Use a high-performance reflection package, such as ReflectASM

Caches reflected objects to avoid repeated retrieval from bytecode each time. (cache! Cache!)

Method reflection can be set method.setaccessible (true) to turn off the security check.

Instead of using getMethods() and then iterating through the filter, use getMethod(methodName) to getMethods by methodName

Leveraging reflection optimization (JIT) in the hotspot VIRTUAL Machine

References:

Segmentfault.com/q/101000000…

www.cnblogs.com/coding-nigh…

Q: Does a method object retrieved by reflection return a reference to the method object or a copy of the method object?

A: When reflection takes A method object, it makes A copy rather than returning A reference directly, so it’s better to cache the same method that is used frequently rather than looking it up every time.

Q:

After getMethods(), you can traverse the method yourself

And getMethod(methodName), why the performance difference?

A:

When getMethods() returns an array of methods, each method is copied once.

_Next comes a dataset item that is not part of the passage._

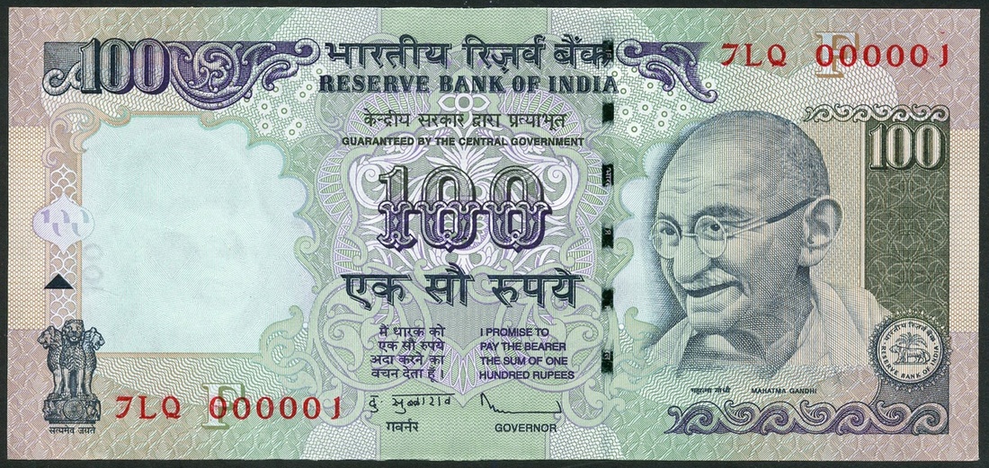 Reserve Bank of India, 100 rupees (10), ND (2010), red serial number 7LQ 000001-000010, violet and green, Gandhi at right

GetMethod (methodName) only returns a copy of that method, and that’s where the performance difference is.

Q:

There is actually a cache inside the JVM when the method is retrieved, but it still makes a copy when it is returned externally.

Is the method’s cache persistent?

A:

It is not persistent and will be reclaimed when memory runs out.

The source code is as follows:

private Class.ReflectionData<T> reflectionData() { SoftReference<Class.ReflectionData<T>> reflectionData = this.reflectionData; int classRedefinedCount = this.classRedefinedCount; Class.ReflectionData rd; return reflectionData ! = null && (rd = (Class.ReflectionData)reflectionData.get()) ! = null && rd.redefinedCount == classRedefinedCount ? rd : this.newReflectionData(reflectionData, classRedefinedCount); }Copy the code

You can see that this is a soft reference.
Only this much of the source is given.